Burkina Faso. Explosão em mina de ouro causa 60 mortes e expõe abusos no setor mineiro

Acidente expõe perigos e fatalidades decorrentes da extração de ouro na região. Exploração de minérios é a maior atividade económica no país, onde a guerra no Sahel perdura há uma década. Interesse de grupos extremistas na exploração e tráfico é crescente.

Uma mina de ouro de exploração ilegal em Gbomblora, no sudoeste do Burkina Faso, explodiu no dia 21 fevereiro e causou 59 mortes e mais de uma centena de feridos. As vítimas terão sido transportados para o hospital de Gaoua, onde as mortes aumentaram no dia seguinte para 63.

A explosão foi causada por dinamite, armazenada perto da mina, que explodiu devido a um incêndio, possivelmente provocado por químicos usados no processo de mineração. Uma pessoa foi detida pela ocorrência. Grande parte das vítimas já foram realocadas para trabalhar na mesma mina, reporta a BBC.

O setor da mineração é o maior na economia nacional do Burkina Faso. O ouro é o produto mais exportado e emprega cerca de 1,5 milhões de pessoas no país. O recurso a mão de obra indígena e estrangeira é crescente e a maior parte das minas são sobretudo detidas por grandes empresas com interesses no setor.

Apesar da regulamentação das minas industriais, as minas artesanais não têm tanto controlo. Os explosivos utilizados na mineração ilegal são normalmente traficados. Da mesma forma, o ouro é depois traficado para países vizinhos. Ao todo, cerca de um quarto do ouro nacional vem de minas ilegais.

Dois homens, Sayouba Ouedraogo e Sebgo Saga, numa mina de ouro improvisada em Tampelga, no norte do Burkina Faso. Extração mineira ‘artesanal’ tem sido prática comum em tempos de crise e escassez. Fotografia: Andy Hall / Oxfam

O setor da mineração tem apresentado verdadeiros riscos para a região. Em janeiro, um acidente que envolveu um camião que transportava explosivos para uma mina de ouro terá causado 13 vítimas mortais no Gana.

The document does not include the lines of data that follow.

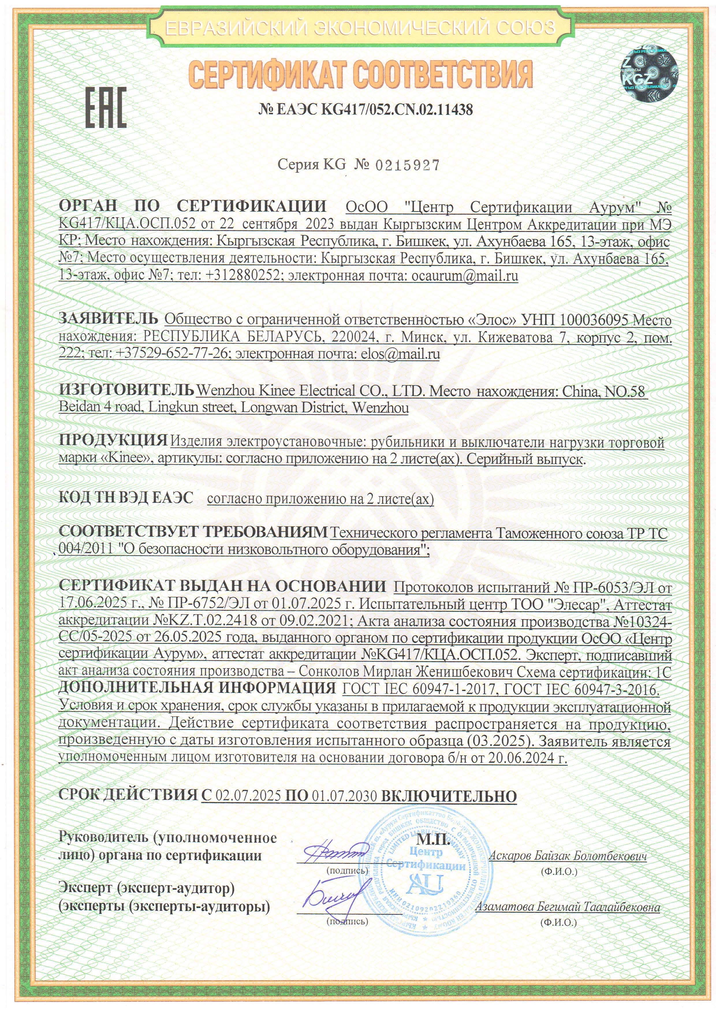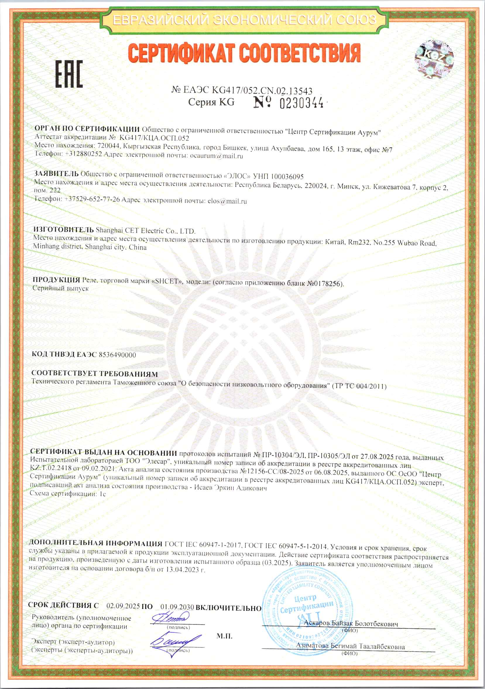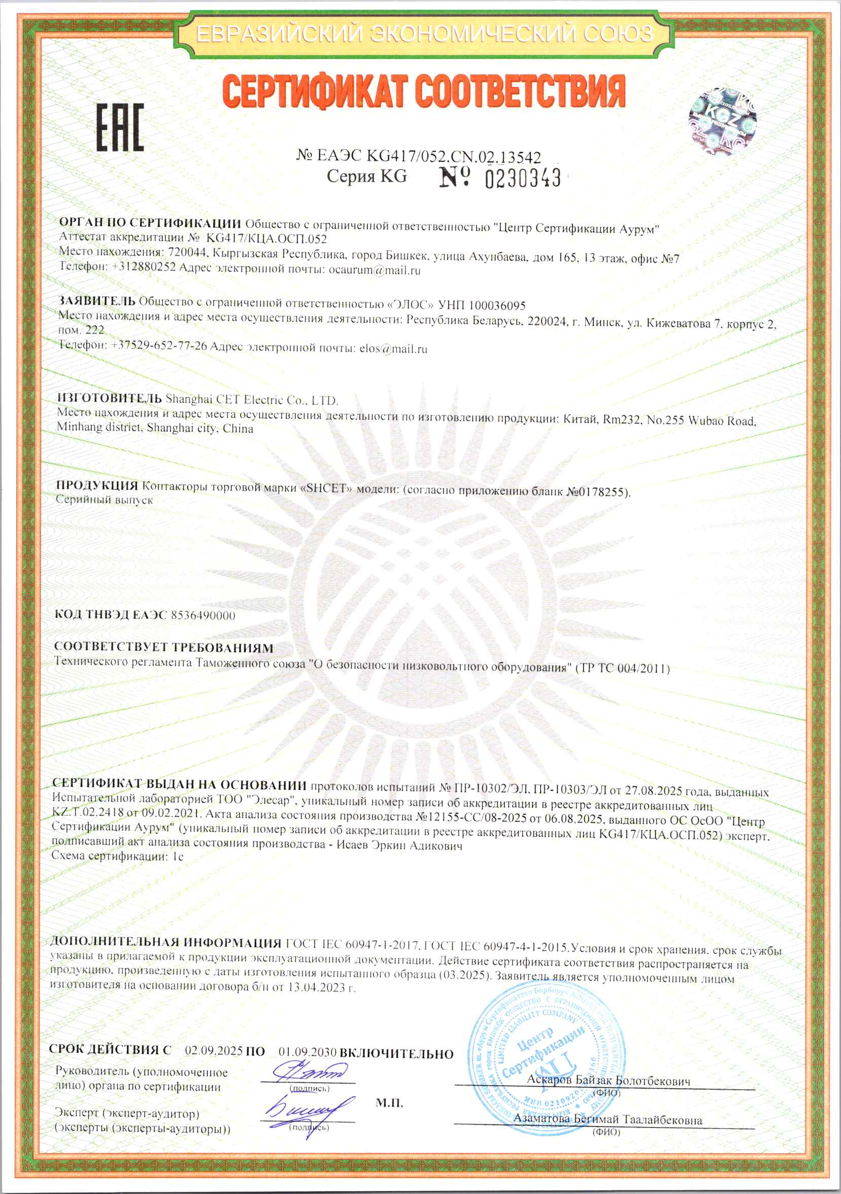 Сертификаты ООО "Элос"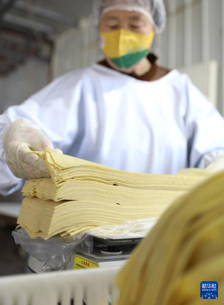 3月21日,工人在亮中桥镇的昌图红瑞食品酿造有限公司车间内对制作好的干豆腐进行称重。新华社记者 姚剑锋 摄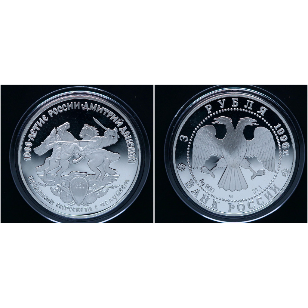 Россия 3 Рубля 1996 ЛМД год Пруф / Proof. Дмитрий Донской. Поединок Пересвета с Челубеем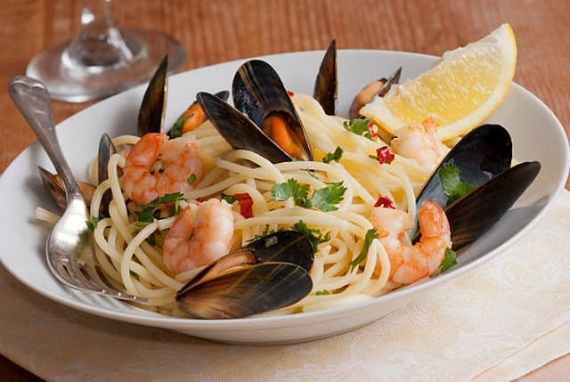 Pour 5 personnes. Préparation: 20 minutes. Cuisson: 25 minutes. 200 g de spaghettis, 2 litres de moules, 2 poignées de crevettes, 2 oignons, 1 gousse d'ail, sel, curry, poivre, farine, huile d'olive, thym, laurier, persil.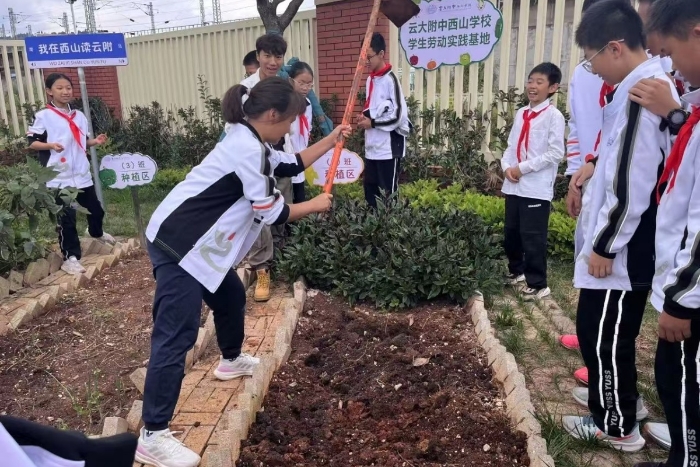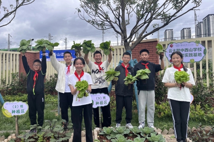 云大附中西山学校本着“劳动育人”的初心,动员全校师生在校内开辟了学生劳动实践基地,早早将劳动实践课程提上日程。在美丽的校园一角,同学们挥锹铲土播撒下希望的种子,这片“希望的田野”已经迎来了一波又一波大丰收!同学们亲手播种各类蔬菜的种子,经历翻土、平整、播种、浇水、除草、施肥等劳动,第一次亲身陪伴农作物从种子到发芽、生长到收获的全成长历程,深刻感知二十四节气与农作物的关系。辛勤的汗水浇灌出丰收的喜悦,如今劳动实践基地里始终一片生机勃勃。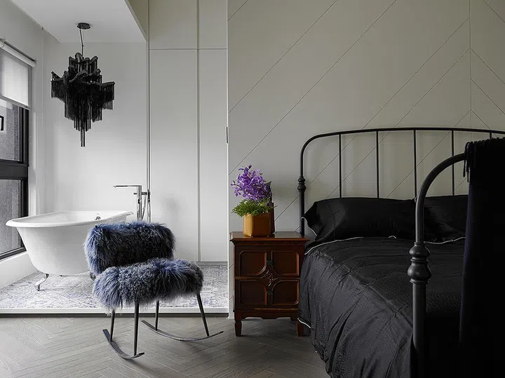 The wall behind the bed has a chevron pattern that draws the eye up. The open-concept bathroom sits next to the bedroom space, and boasts a luxurious freestanding bath tub.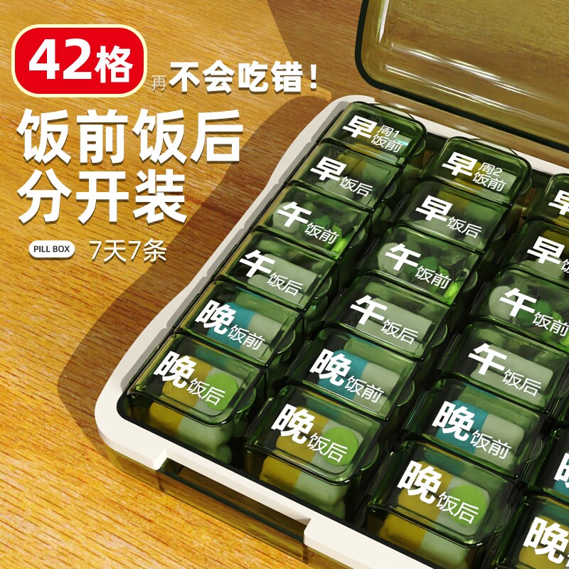 抗菌药盒便携分装一日三餐密封防潮一周七天便携式随身药品收纳盒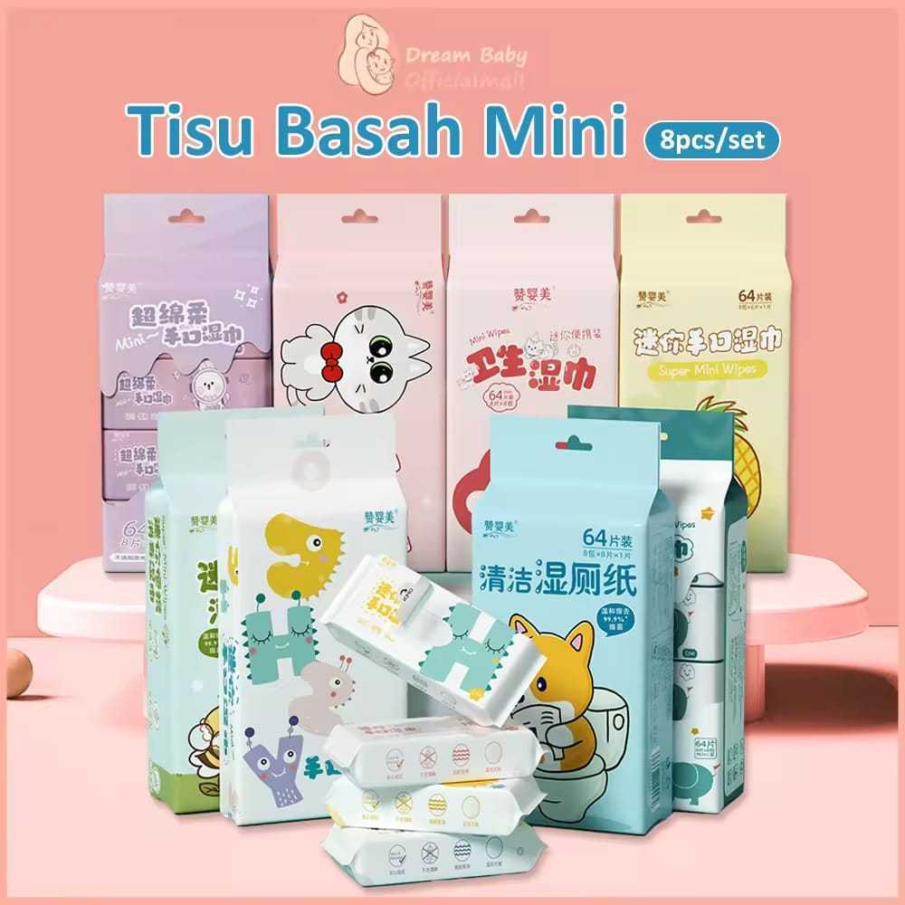 SuryaMart TISSU BASAH TRAVEL MINI (1Pack Isi 8) Tissue Basah Mini/Tissue Basah Travel/Tisu Non Alcohol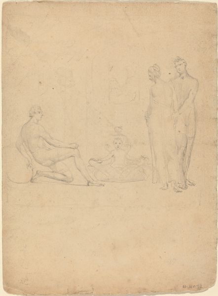 This drawing, "Antik figurscene" by Wilhelm Marstrand, presents a scene rendered with delicate pencil strokes on paper. The composition centers on a kneeling figure, possibly in supplication, counterbalanced by two standing figures. The architectural form to the right anchors the subjects, giving a sense of classical antiquity. Marstrand's use of line is economical, yet it effectively conveys the emotional weight of the scene. The structure is defined by a series of vertical and horizontal lines, creating a grid-like structure which could be seen to represent the moral and ethical framework governing the figures’ actions. It invites us to consider how classical ideals influence human behavior and social structures. The subtle texture of the paper adds depth, while the blank space to the right is not merely empty; it acts as a semiotic void, inviting contemplation and projecting the emotional landscape of the scene beyond its immediate depiction.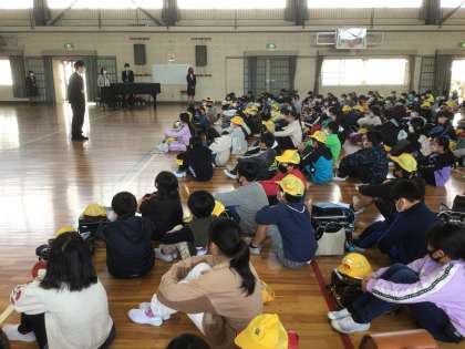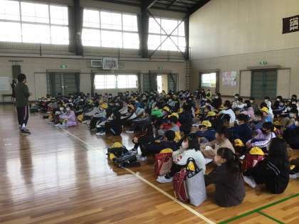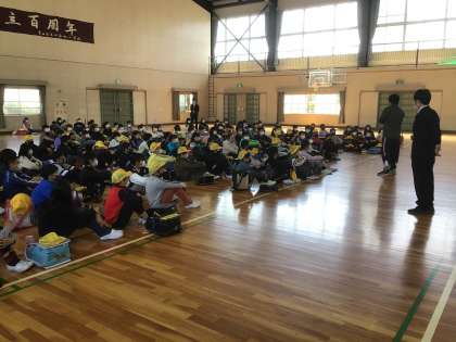 6年生が式場の片付けを終え、学年主任と教務主任に褒めてもらっているところです。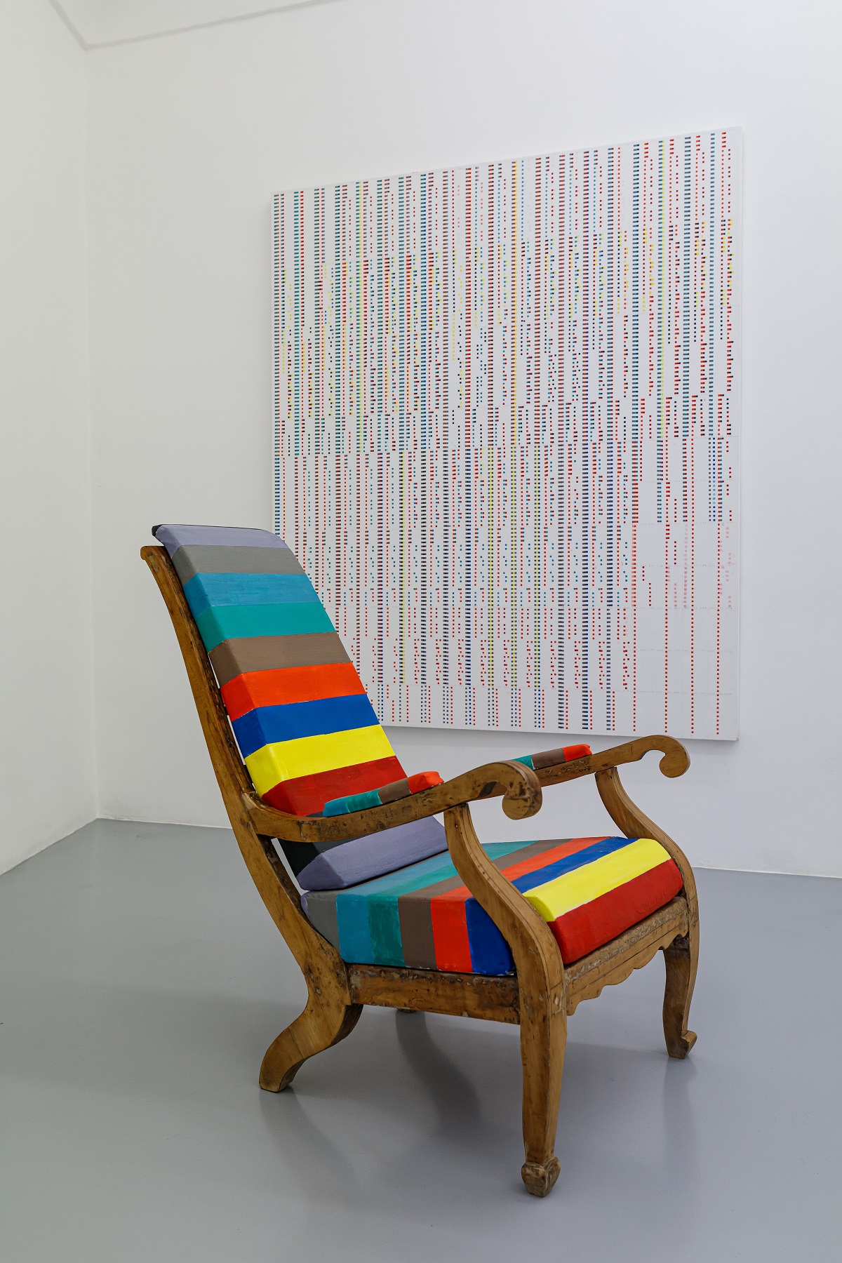Apparentemente i due mondi sembrano quindi slegati: quello dell’equazione cromatica-numerica del quadro e la natura grezza della potatura degli alberi. Ma nell’ultima stanza questa distanza viene ribaltata, per mettere in evidenza il raccordo tra il concetto di esterno e quello di interno. Formalmente, il punto di congiunzione sembra essere rappresentato dalla chaise-longue del contadino colto, in cui rintracciamo un riferimento alla vita di campagna: la sedia è stata trovata in una dimora rurale ed è stata ridipinta con i colori della tavolozza tipica dell’artista, i tre primari, per poi passare al rosso-arancio, marrone, verde petrolio, azzurro, grigio, violetto e nero.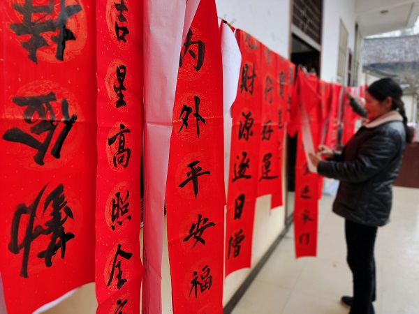 在龍陵縣新時代文明實踐中心,一副副手寫春聯為群眾度過一個歡樂祥和、清廉文明的春節送上一份祝愿。(王龍芹 攝)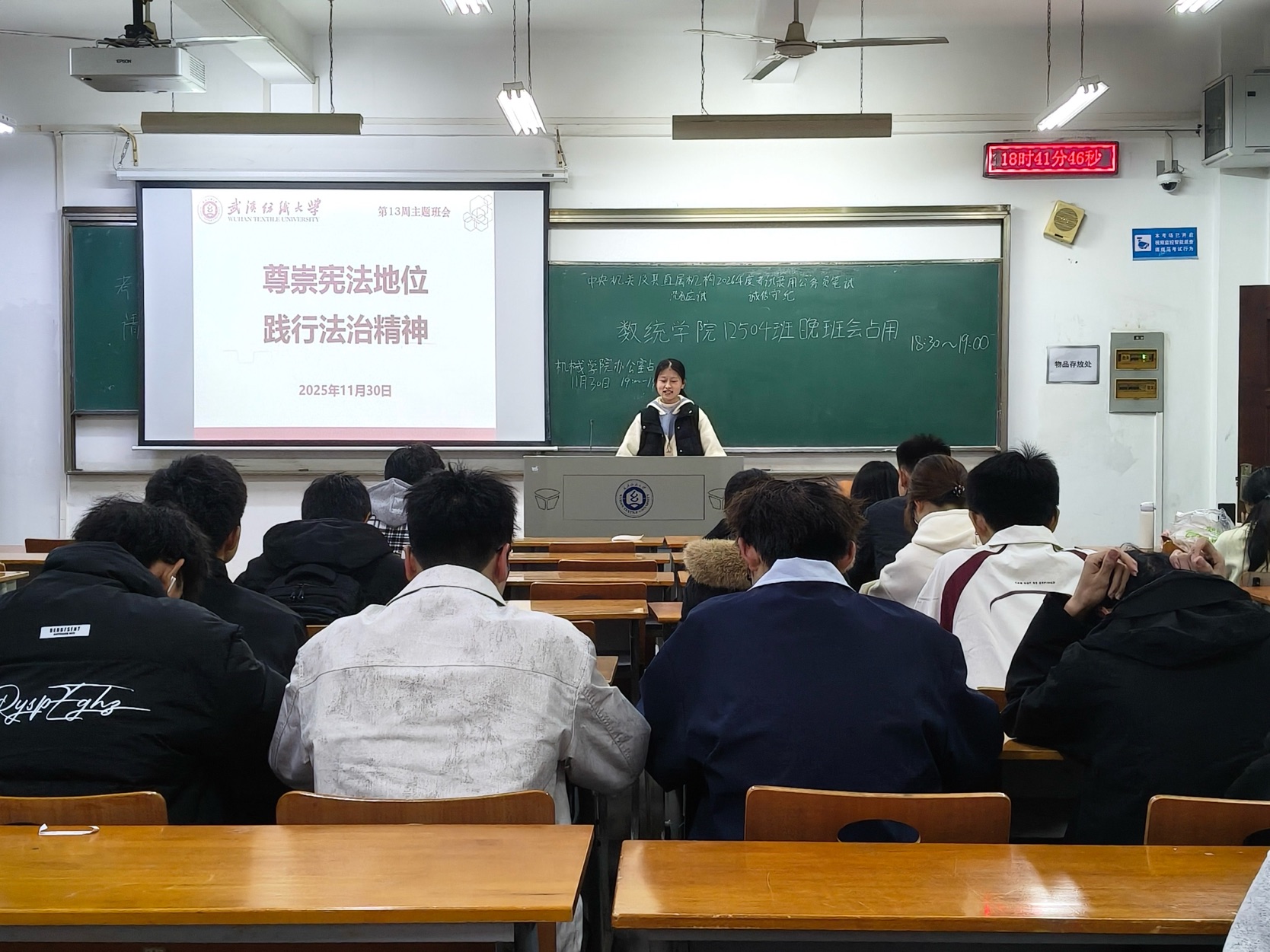 各班级开展以 “尊崇宪法地位,践行法治精神” 为主题的第十三周班会。本次班会由各班班长主持,全体同学参加。

Tráfico ilegal de ouro é fonte de financiamento para grupos extremistas na região

À parte dos riscos já enunciados, a situação atual no Burkina Faso, comporta riscos acrescidos para os trabalhadores do setor. Desde o golpe de Estado de janeiro de 2019 que há um crescente de violência por organizações terroristas, com ligações à Al-Qaeda e ao ISIS. Estas têm lucrado com a mineração ilegal, cobrando impostos a mineiros, tentando recrutar membros nas minas, usando-as como refúgio e lucrando com o mineral obtido, que lhes serve como fonte financiamento.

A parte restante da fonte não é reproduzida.